Super-insulate the envelope
The correct amount of insulation is one of the key aspects to address when tightening up the building envelope. The National Renewable Energy Laboratory (NREL) advocates a simple formula when it comes to insulation: 30-40-50. In colder climates, zero energy homes start with R-30 for floors, R-40 for walls, and R-50 for ceilings/roofs. Farther north, builders are using even higher numbers. Your climate will dictate the absolute R-values necessary to reduce the thermal load to close to zero. Most designers of zero energy homes are increasing insulation to 50 percent or more than their local code requires.
Eliminate thermal bridges
The greater the insulation values designed into the home, the more important it is to eliminate thermal bridging. In a typical 2?4 wall with studs at 16 in. on center (o. c.), the heat loss through the studs can reduce the overall wall performance by 15 percent. Over 20 percent of the wall area can actually be wood (at about R-1 per inch). If steel studs are used, the thermal bridging can reduce the effective R-value of the wall by nearly 50 percent. With thicker studs, the thermal bridging numbers are lower, but the losses are still unacceptable. This is why conventional framing should be covered with rigid foam on the exterior to reduce the thermal bridging losses. [photo 1ZE-12][sidebar 1sb5]
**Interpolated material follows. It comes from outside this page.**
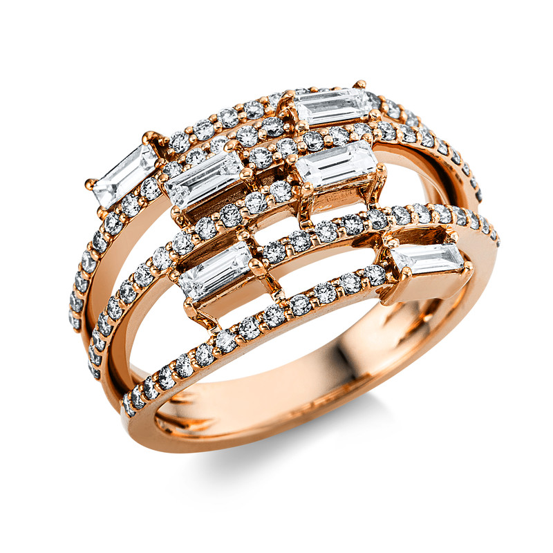 ring 18 kt RG, 6 baguette 0,40 ct, G-vsi/si, 78 diamonds 0,54 ct, G-vsi/si, w:13,6 mm, width:53

Design for airtight construction
In the world of contemporary building science, airtight construction is a critical component. In the past, we thought that letting air into the house for ventilation was a good thing. We now know that unintentional air infiltration is not only uncomfortable but also often the cause of mold and moisture problems. Barbara Harwood, a builder from Dallas who has built many low energy homes puts it this way: "There is no such thing as a building that is too tight, just one that is underventilated." In a typical new home today, inside air is exchanged with outside air about once every two hours. This provides plenty of fresh air for occupants but has an energy penalty: As much as 50 percent of the heating or cooling load of the house is lost due to this infiltration/ exfiltration process (unhappy customers know it as "drafts").
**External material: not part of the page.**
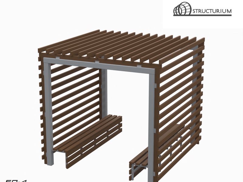 При производстве Перголы используется профильная труба 120*120*3мм и 40*40*2мм. Материал обшивки – доска 100*40мм обработанная атмосферостойким покрытием. Покраска полимерная порошковая с предварительным нанесением цинкосодержащего грунта, цвет серый.

The object in a zero energy design is to make the house so tight that it exchanges air only once every 10 hours or so. We make up the fresh air with mechanical ventilation and heat-recovery ventilators (see Chapter 4) and, in so doing, control airflow. We can place air intakes where we want them and distribute the air in the house where it's needed. Without mechanical ventilation, 0.35 natural air changes per hour (NACH) is as low as most codes will allow you to build. That is about the limit of a conventional new, fiberglass-insulated house. [sidebar 1sb14]
To get to airtight construction, the building needs to be wrapped with an air-sealing barrier or insulated with spray foam. Building products such as structural insulated panels (SIPs) can also create a very airtight structure. The critical areas to examine for air leaks are where there are penetrations, such as doors, windows, vents, and flues, and where building elements come together. The connectivity from floor to floor is also key, particularly between the top floor and the attic. [sidebar 1sb6]
When building an airtight envelope it is necessary to provide mechanical ventilation. Climate extremes will determine what type of ventilation is required. In mild climates with few heating and cooling degree days, passive fresh air intakes linked to an exhaust fan may suffice. These are through-the-wall vents with flaps on the inside that work by drawing in air when an exhaust fan is turned on. Otherwise, the flap seals and keeps air pressure in the house neutral.